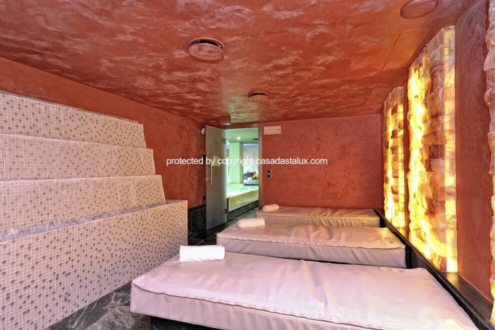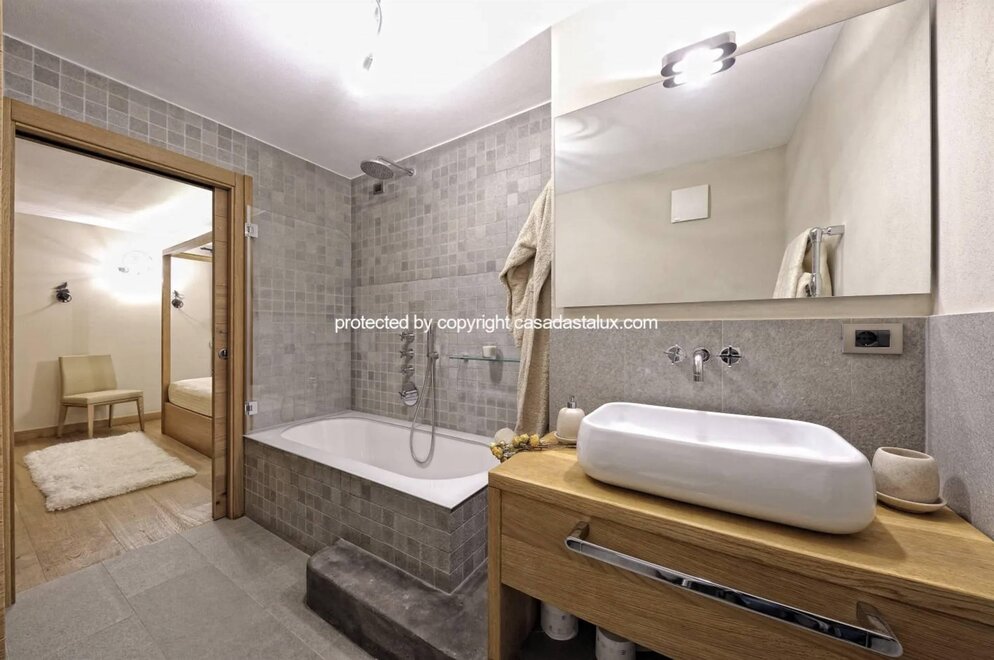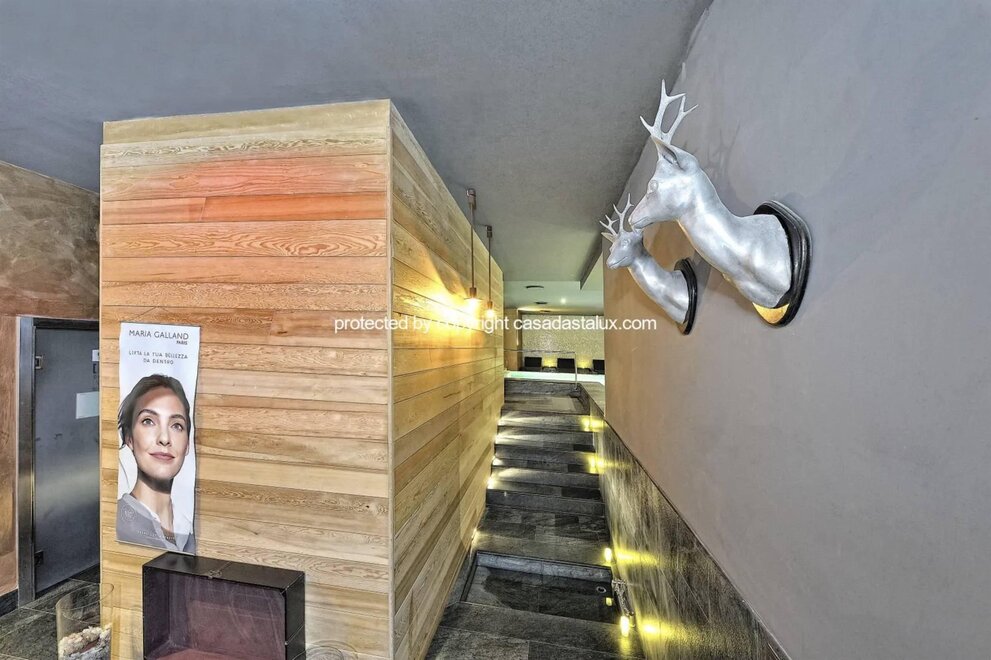 Luxusní apartmán v Campiglio s wellness centrem, se 3 ložnicemi a 3 koupelnami, v 1. patře moderní budovy s přímým přístupem k výtahu. Veškeré soukromí zajištěno přímým přístupem z garáže do apartmánu prostřednictvím výtahu s klíčem. Garáž pro 1 auto. Tento apartmán se 3 ložnicemi a 3 koupelnami se pyšní moderním a sofistikovaným designem, charakterizovaným prvotřídními povrchovými úpravami. Plně vybavená kuchyň se sklepem na víno a dvojitými indukčními varnými deskami; dvě chytré televizory s úhlopříčkou 65 palců, vysokorychlostní wi-fi. Úschovna lyží, prádelna vybavená pračkou a sušičkou, garáž. Zastávka skibusu přímo před budovou. Lyžařský vlek Spinale je pouhých 1,2 km daleko. Hosté mají k dispozici extra služby 5hvězdičkového wellness centra, s možností rezervace výhradního užívání wellness centra 4hvězdičkového hotelu od 11:00 do 13:00 nebo od 20:30 do 22:30, cena na vyžádání. Použití wellness centra v těchto hodinách je vyhrazeno hostům Casadastalux. Wellness centrum zahrnuje bazén, parní lázeň, saunu a himalájskou solnou místnost.
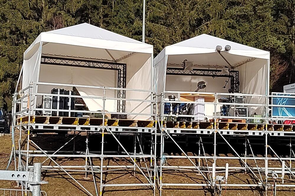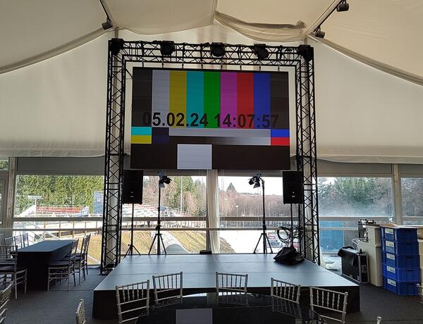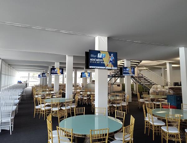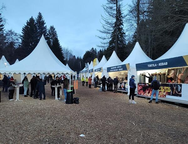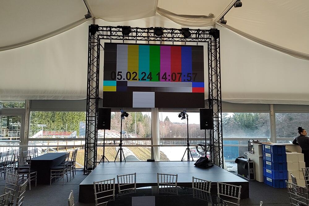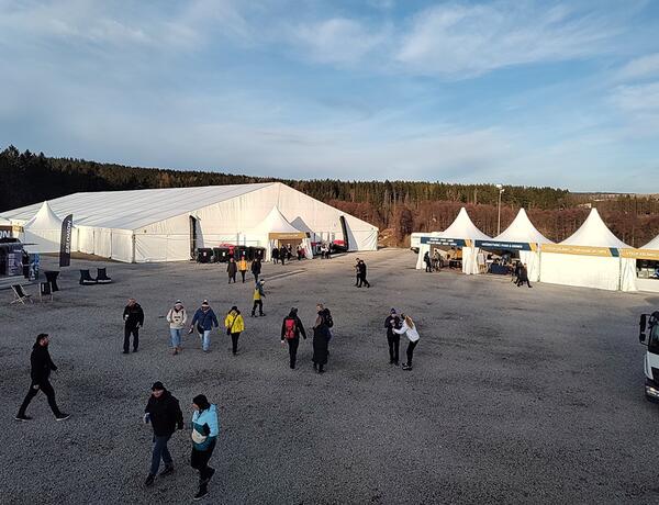 Wir haben insgesamt 3 große Zelte für die Organisatoren des Rennens als Einrichtungen für Besucher, Freiwillige und den offiziellen Merchandise-Shop zur Verfügung gestellt. Über 6 Dutzend 5x5 Meter große Pagodenzelte und 20 Scherenzelte dienten als Tore zum Veranstaltungsort, als Backstage für Standbetreiber oder Rennveranstalter. Fast 450 m2 LED-Wände wurden auf dem gesamten Veranstaltungsgelände an jedem Stand angebracht. Wir verlegten fast einen Quadratkilometer Teppich in den Zelten und bauten 200 Meter Octanorm-Trennwände. Wir verkabelten über 30 Fernsehgeräte und 200 Lampen und statteten die Zelte mit Dutzenden von Möbeln aus.
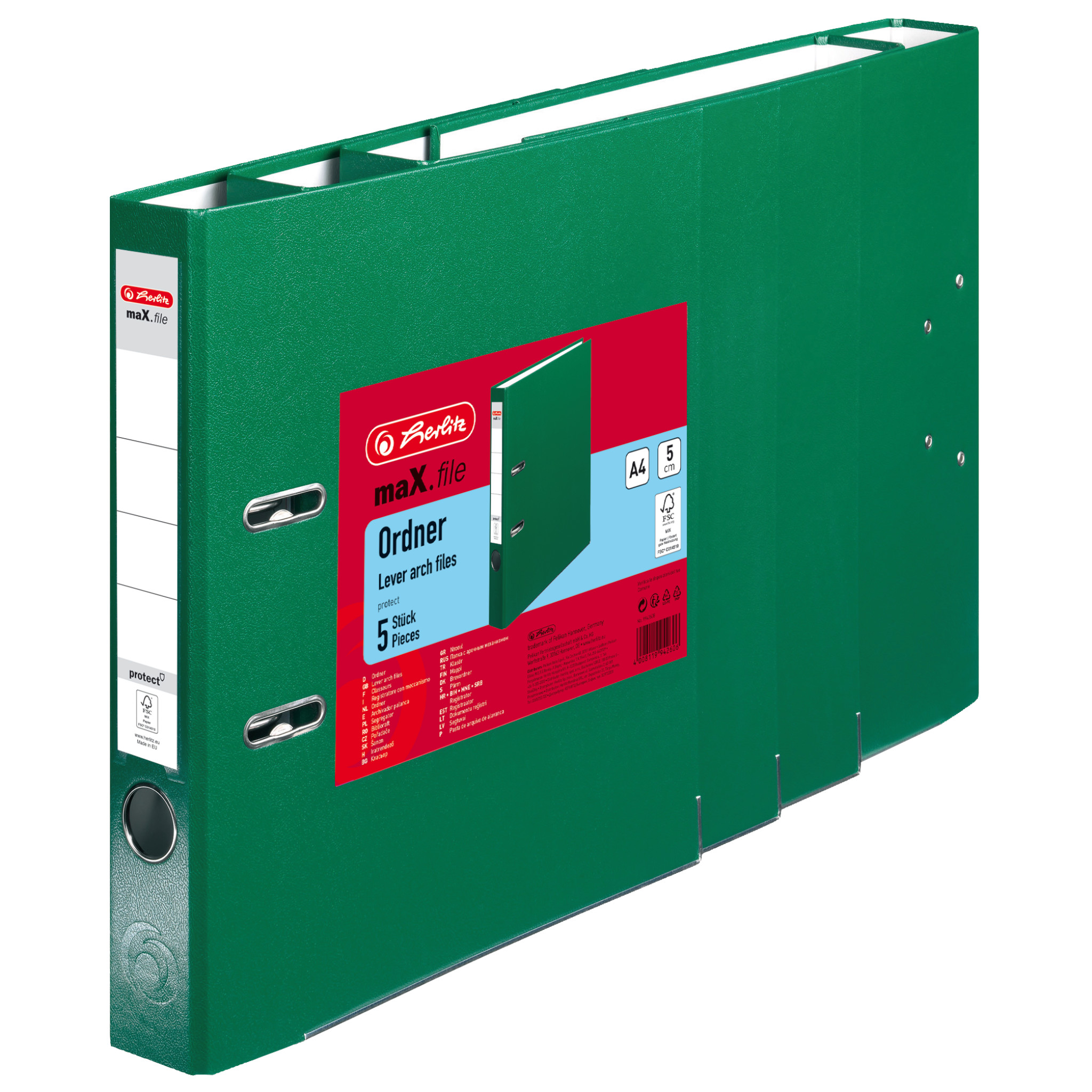 Lever arch file maX.file protect A4 5cm green, 5 pieces |

════════════════

Your goal:
Here the job is to print the data above exactly, except for any pictures.

Result:
 Luxusní apartmán v Campiglio s wellness centrem, se 3 ložnicemi a 3 koupelnami, v 1. patře moderní budovy s přímým přístupem k výtahu. Veškeré soukromí zajištěno přímým přístupem z garáže do apartmánu prostřednictvím výtahu s klíčem. Garáž pro 1 auto. Tento apartmán se 3 ložnicemi a 3 koupelnami se pyšní moderním a sofistikovaným designem, charakterizovaným prvotřídními povrchovými úpravami. Plně vybavená kuchyň se sklepem na víno a dvojitými indukčními varnými deskami; dvě chytré televizory s úhlopříčkou 65 palců, vysokorychlostní wi-fi. Úschovna lyží, prádelna vybavená pračkou a sušičkou, garáž. Zastávka skibusu přímo před budovou. Lyžařský vlek Spinale je pouhých 1,2 km daleko. Hosté mají k dispozici extra služby 5hvězdičkového wellness centra, s možností rezervace výhradního užívání wellness centra 4hvězdičkového hotelu od 11:00 do 13:00 nebo od 20:30 do 22:30, cena na vyžádání. Použití wellness centra v těchto hodinách je vyhrazeno hostům Casadastalux. Wellness centrum zahrnuje bazén, parní lázeň, saunu a himalájskou solnou místnost.
 Wir haben insgesamt 3 große Zelte für die Organisatoren des Rennens als Einrichtungen für Besucher, Freiwillige und den offiziellen Merchandise-Shop zur Verfügung gestellt. Über 6 Dutzend 5x5 Meter große Pagodenzelte und 20 Scherenzelte dienten als Tore zum Veranstaltungsort, als Backstage für Standbetreiber oder Rennveranstalter. Fast 450 m2 LED-Wände wurden auf dem gesamten Veranstaltungsgelände an jedem Stand angebracht. Wir verlegten fast einen Quadratkilometer Teppich in den Zelten und bauten 200 Meter Octanorm-Trennwände. Wir verkabelten über 30 Fernsehgeräte und 200 Lampen und statteten die Zelte mit Dutzenden von Möbeln aus.
 Lever arch file maX.file protect A4 5cm green, 5 pieces |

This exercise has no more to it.